- The Washington Times - Monday, February 9, 2004

Moscow mayor upset

The mayor of Moscow is alarmed by the influence of the United States, which he accused of abusing its superpower status.

Yuri Luzhkov, on a recent Washington visit to promote his new book, criticized the Bush administration for pre-emptive strikes against what it deemed terrorist states and called on the United States to explore the root causes of terrorism, our correspondent Megan McCloskey reports.

“Perhaps efforts should have been made to identify the fundamental cause of those acts,” Mr. Luzhkov said of the September 11 terrorist attacks.

He complained that the United States is trying to impose its will in international affairs.

“One country is making the decisions for the entire world,” he said.

The sovereignty and self-determination of smaller nations are concepts that have “disappeared into thin air,” he said.

Mr. Luzhkov, a popular politician in Russia, was re-elected recently to a third term. After his remarks at the Library of Congress last week, he signed copies of his book, “The Renewal of History,” for admirers who crowded around him for photographs.

Japan’s straight talk

Japanese Ambassador Ryozo Kato wants to recruit Japanese-Americans to help promote greater understanding between Washington and Tokyo, but he does not want apologists for his country.

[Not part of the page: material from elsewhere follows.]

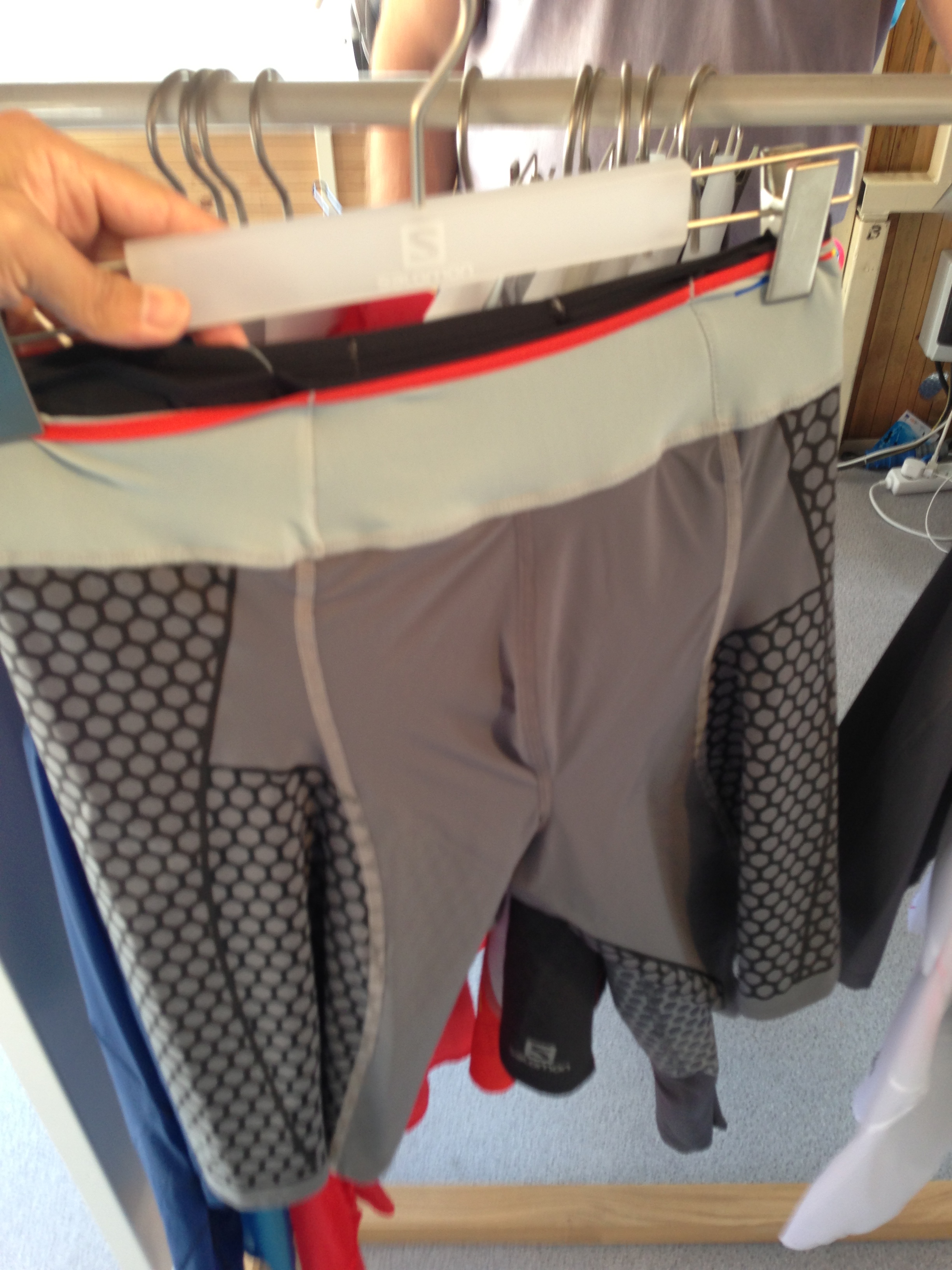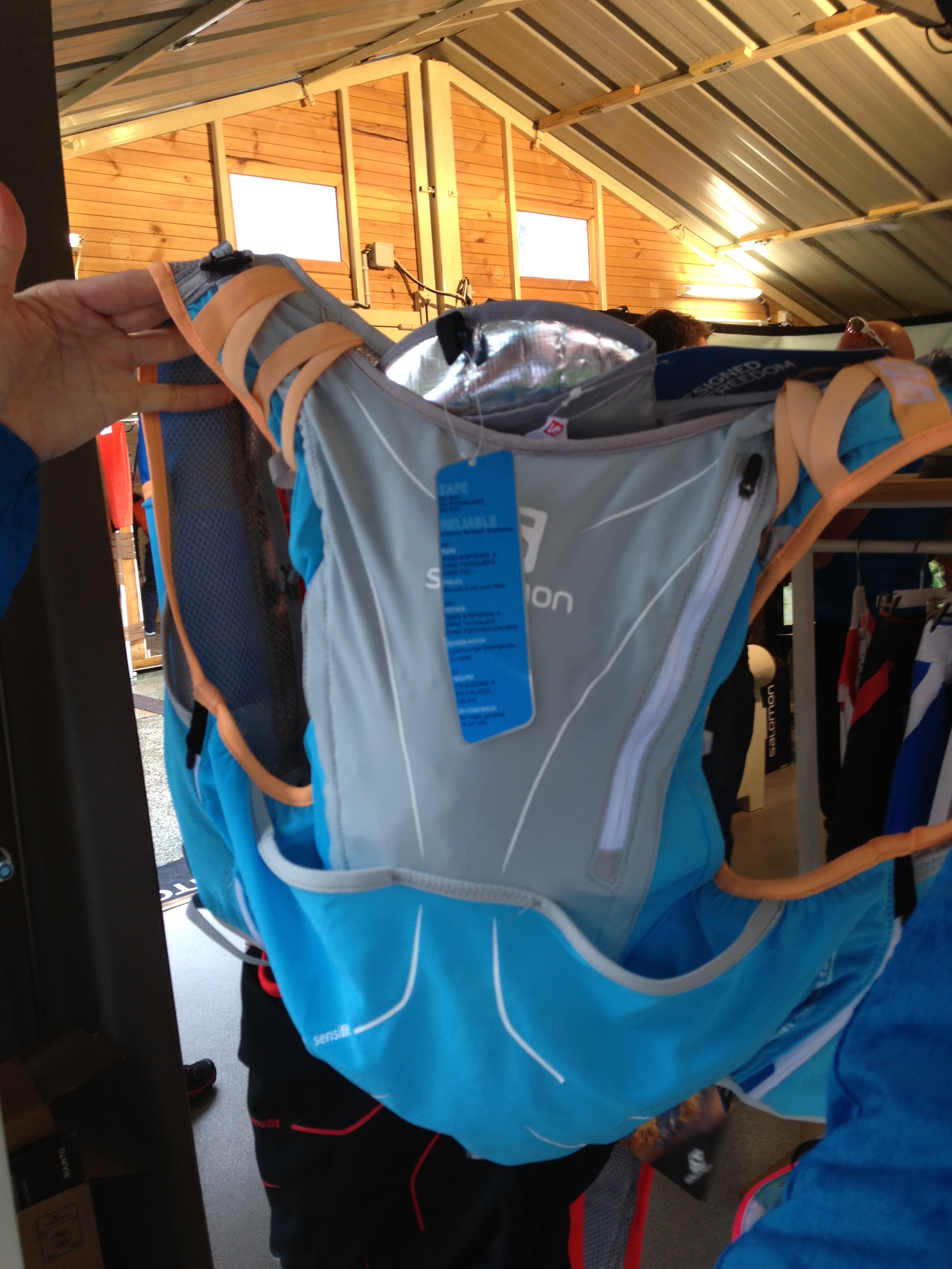 既にあちこちで紹介されている今回参加した日本の選手の間で最も話題になったのがこのHOKAの17Lのバックパック。中を撮影していないが、ビジネス向けのバックパックのように背面にたくさんの大小のメッシュポケットがあって荷物が整理しやすくなっている。

“To strengthen this relationship, I would like to seek the help of the Japanese-Americans who possess in-depth understanding of the United States, not as ‘no-matter-what’ kind of defenders of Japan and its policies but as fair-minded, enlightened and effective public arbitrators between the peoples of the two countries,” he said after a recent meeting in Washington between Japanese diplomats and U.S. leaders.

Sen. Daniel K. Inouye, Hawaii Democrat and a Japanese-American, pledged to help Mr. Kato improve communications between the two countries, Japan’s Kyodo news service reported.

“The time has come to ensure that the relationships between Japanese-Americans and Japan are strong at all levels from business and politics to arts and academia,” Mr. Inouye said.

“We want to build bridges of understanding so that our children and grandchildren will be Americans proud of their Japanese ancestry.”

Mr. Inouye and Mr. Kato endorsed an education initiative to increase mutual understanding and to encourage Japanese-Americans to participate in the Japan Exchange and Teaching Program, a government program to promote foreign languages in Japanese schools.

They also endorsed a tourism program that will include building support for the 2005 World Exposition in central Japan.

2nd term in Colombia

William Wood, the U.S. ambassador to Colombia, says Washington supports a constitutional amendment to allow President Alvaro Uribe to run for a second term and keep up his tough fight against Marxist rebels.

Mr. Uribe is limited to one term under the Colombian Constitution, but some legislators are seeking an amendment to allow presidents to run for re-election.

Mr. Wood noted Mr. Uribe’s popularity, especially because of his fight against the Revolutionary Armed Forces of Colombia (FARC), which has been hiding in the country’s jungle and mountain strongholds for several months to avoid troops.

“When the country has a firm and popular president like Uribe, this group has always used the tactic of waiting for the next president,” Mr. Wood told the El Tiempo newspaper during the weekend.

He said an amendment to the constitution is “an element that the Colombian people … need to consider.”